Court expenses, including the salary of the court appointed Temporary Supervisor, are paid out of the company's assets before all creditor claims.

Lower-ranked creditors may be paid only after higher-ranked creditors have been paid in full. If the company has insufficient assets to pay in full all the creditors of a certain ranking, they will be paid on a pro rata basis.

Creditors' Rights: The relationship between the temporary supervisor, external administrator or liquidator on the one hand and the Creditors' Meeting and the Creditors' Committee on the other hand is not clearly spelt out. However, disputes between them can be adjudicated by the Bankruptcy Court. This area is of particular interest in relation to the following:

  • acceptance of claims - some creditors may seek to object to certain other claims being "accepted" or challenge acceptance(s) retrospectively;
  • the institution of proceedings to recover property or former property of the company;
  • the institution of claims against third parties such as the former management;
  • the institution of proceedings relating to "preferences" and the exercise of set-offs and liens.

Assets of the company: The basic principle is that all assets belonging to the company (including those that are pledged) must be pooled. Creditor claims are then met out of this pool of assets in accordance with the ranking priority set out above.

Secured creditors: Secured creditors are given preference by reason of the fact that they rank third in priority. The property over which security has been granted should form part of the overall pool of assets which is available to meet creditors' claims. A claim of a creditor which is secured can be paid out of this overall pool; it appears that he will not be prejudiced by the fact that the value of his secured claim exceeds the value of the security. It is likely that many issues will arise in this area, including the following: pledgees in possession are unlikely to give up possession voluntarily; the "pro rata" principle could operate unfairly against creditors with valuable security; and, secured creditors with secured assets outside Russia are likely to rely on local laws which favour them realising their security outside the Russian bankruptcy process.

Set-off: In some jurisdictions, such as the UK, the setting-off of claims between an insolvent company and its creditors is mandatory, subject to certain limits. In other jurisdictions, including some whose law is codified, such set-off is strictly limited. The Bankruptcy Law does not mention set-off.
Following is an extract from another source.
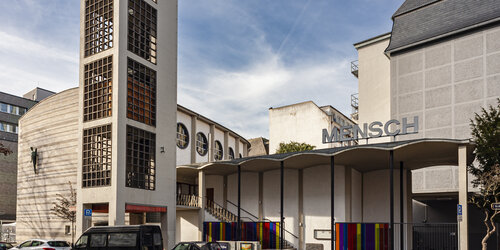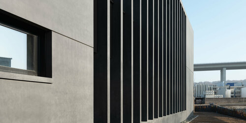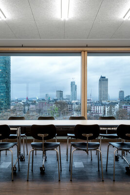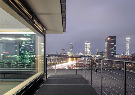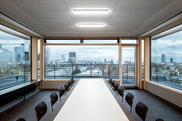 Das Belvedere bietet einen besonderen Blick auf Main und Stadtsilhouette. Die Aufstockung steht im Spannungsfeld zum historischen Bestand – der Holzskelettbau mit großzügigen Glasflächen und weit auskragendem Dach setzt sich deutlich vom massiven Bestand ab. Die skulpturale Stahltreppe verbindet Alt und Neu. Die Geschichte des Hauses wird weitererzählt – 1924 als Verwaltungsgebäude des Bauunternehmens Wayss und Freytag entworfen, erzählt die Fassade des Bauwerks noch heute von seinem Ursprung.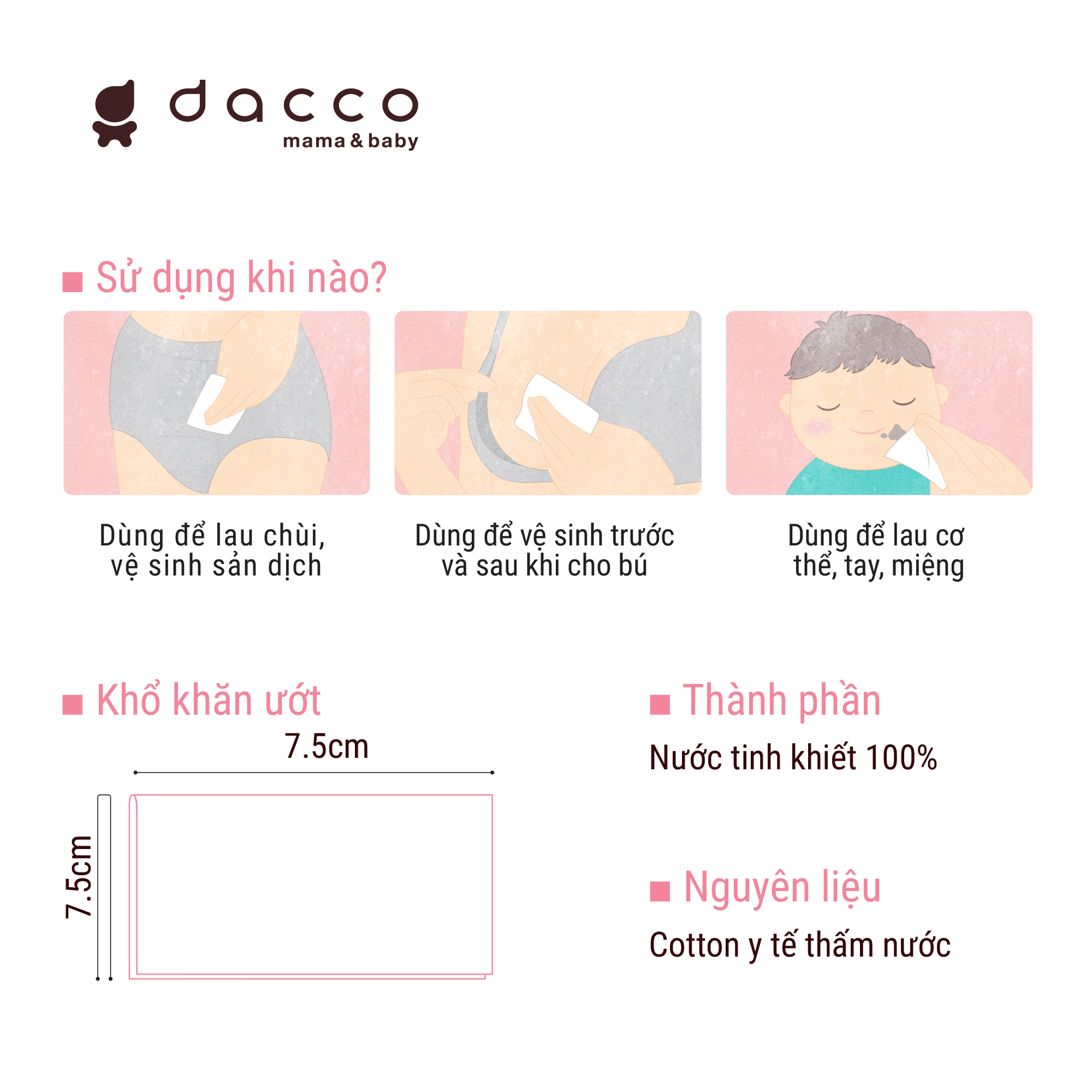 Sản phẩm được sử dụng để vệ sinh bầu ngực; lau chùi sản dịch; vệ sinh tay, vùng miệng, vùng mặt cho trẻ sơ sinh và người lớn. Sản phẩm được tiệt trùng và được tẩm ẩm với nước tinh khiết 100%, đảm bảo sự vô khuẩn và vệ sinh khi sử dụng.

It is likely that Russian law tends towards restricting set-off, although currently some market practice appears to be based on an assumption that Russian law is not restrictive.

Licences: It should be noted that as a general principle under Russian law licences are not transferable. Many Russian banks and companies hold commercially significant licences, such as a licence to deal in precious metals and stones, or a mineral licence. Liquidation is often a ground for an authority to terminate a licence; this may mean that the relevant time for such termination is the making of a winding up order.


Although debt recovery and bankruptcy procedures in respect of banks and corporates are broadly similar, in the case of banks there are some important differences.

Legislation: As noted above, at the present time, the Bankruptcy Law is the primary piece of applicable legislation. However, Regulation 264 needs to be considered carefully, notwithstanding the fact that it was issued prior to, and is subordinate to, the Bankruptcy Law.

The Banking Licence: For so long as a Bank retains its banking licence, the Bankruptcy Court cannot even accept a bankruptcy petition against such bank. A creditor can only seek to recover its debt; it cannot successfully petition to wind up a bank.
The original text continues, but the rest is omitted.